Young Milton Keynes woman with Tourette's reacts with anger to Channel 4 documentary that 'links tics to TikTok'

A woman who says her life is ruined by Tourette’s syndrome has blasted the recent Channel 4 documentary on the subject.

By Sally Murrer
Monday, 25th July 2022, 4:12 pm
Updated Monday, 25th July 2022, 7:35 pm

Leeanne Reed, 21, is one of many people to criticise Britain’s Tourette’s Mystery: Scarlett Moffatt Investigates, which was screened last week.

"I’m furious because some people are now going round thinking tics are contagious and you can catch them by watching TikTok. That is totally wrong,” she said.

Former Gogglebox star Scarletts has experienced facial tics since the age of 12 and says the scariest part for her is not being able to find answers.

Leeanne Reed has spoken out about her life with Tourette's syndrome

She was shown interviewing a neurologist who blamed social media for exacerbating the outbreak of Tourette's, saying drawing attention to tics and recording them on platforms such as TikTok is the exact opposite of medical advice and could affect and shape young minds.

Scarlett said on the show: "In the last 18 months there has been an explosion of ticks suddenly appearing amongst young people, but why has it happened now and why is it affecting so many young people?

"I'm on a mission to try and find out if this has been magnified by Covid and lockdown, if it's now become contagious and if social media is part of the problem."

The Channel 4 show received mixed reactions. Some Twitter users echoed Leanne’s words, saying: "From someone who suffers with Tourette's, please believe me when I tell you, Tourette's syndrome isn't contagious."

Scarlett Moffatt

Leeanne, who lives on Glebe Farm, struggles to cope with her tics, which cause her to shout involuntary words and physically strike herself and sometimes other people.

"It’s embarrassing enough anyway and I tend to avoid going out or meeting new people. This documentary has just made me feel worse,” she said.

"I shout really bad things out. I was at CMK station once and I shouted ‘Bomb’. Then once I was talking to an ambulance crew and I told them I had a child’s body in my freezer… I don’t know where these things come from. There’s no warning – the words just come out of my mouth and I can’t control it. The more I try to control the tics, the worse they get.”

"Strangers laugh at me when I get a tic. I’d rather they laugh than have a go at me, but it’s still horrible.

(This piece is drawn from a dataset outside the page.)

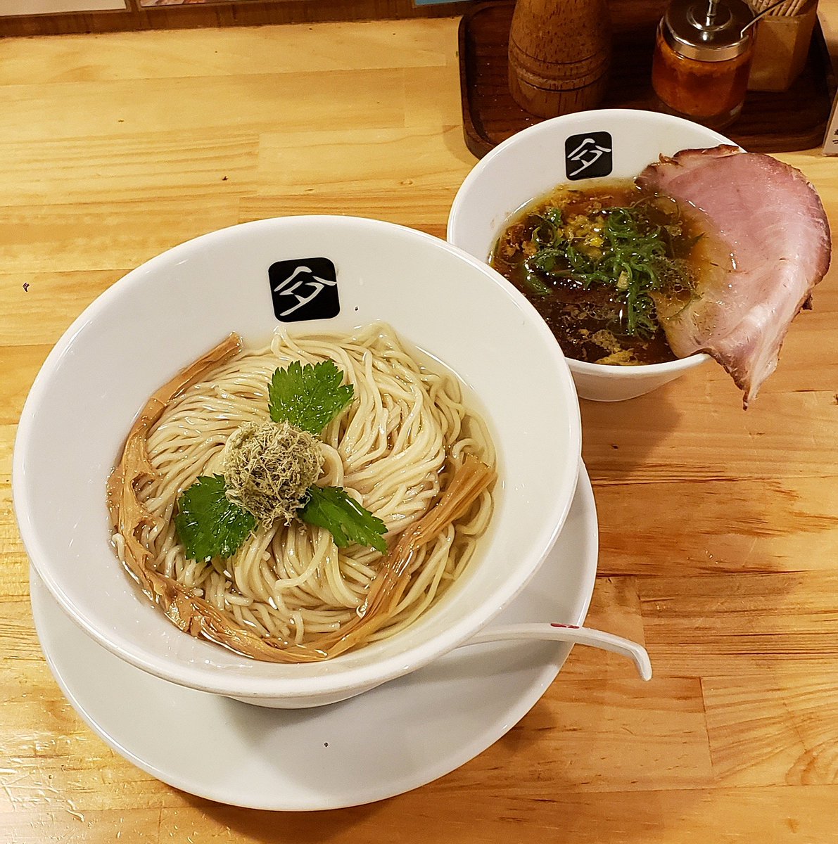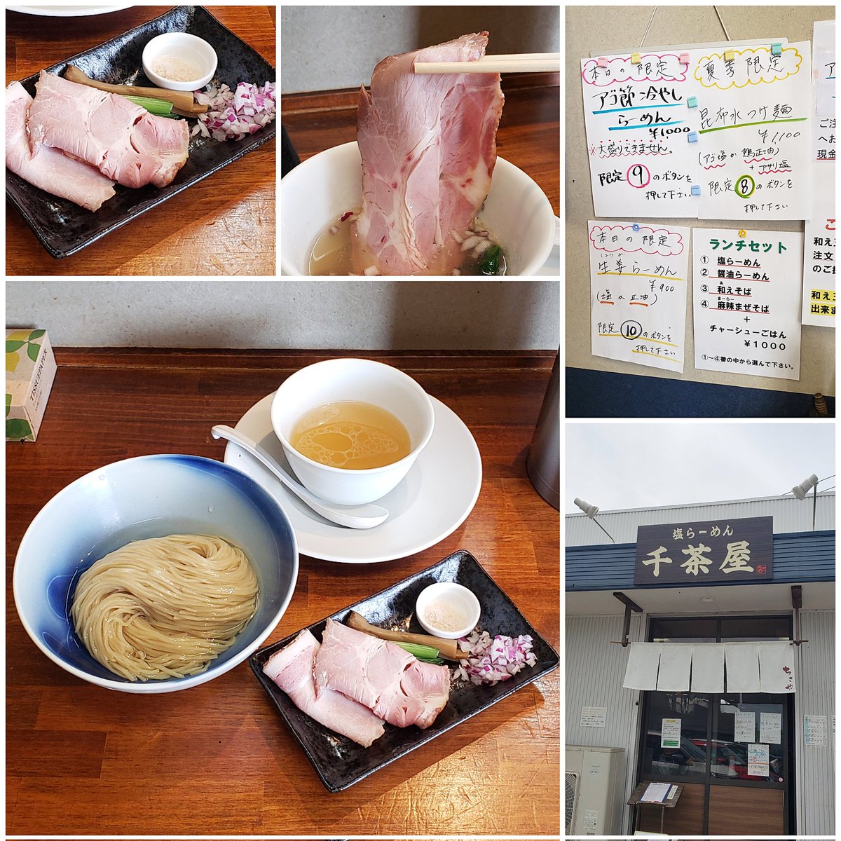 【塩らーめん 千茶屋】太田 限定 昆布水つけ麺 アサリ塩 訪麺🍜淡く清らかな昆布水に浸るエッジの効いた自家製麺!黄金色のつけ汁に潜らせると…輪郭のある塩味に豊潤な浅利の旨味…魚介出汁が複雑に相まって奥深い味わいとはんなりな余韻をもたらす珠玉の逸杯♪めッちゃウマ──ッ!! 超絶美味‼️🙏💥💯

"Sometimes I hit out physically, at myself or at other people. It makes me not want to go out and it’s depressing.”

Leeanne has an assistance dog to help her and also takes Clonidine, a sedative, to help to reduce the severity of the tics. But they still happen almost constantly.

"It’s exhausting,” she said. “My body is moving non stop with the physical tics. It makes it difficult for me to work or do any normal things that a 21-year-old would do.”

She has videoed her own tics and publishes them on social media in a bid to help other people with Tourette’s.

"I just want people to know that Tourette’s is not contagious and you can’t catch it from watching videos of people with tics...All I want is for people to understand me and to accept me for how I am.”

More information is on the Tourette’s Action charity website.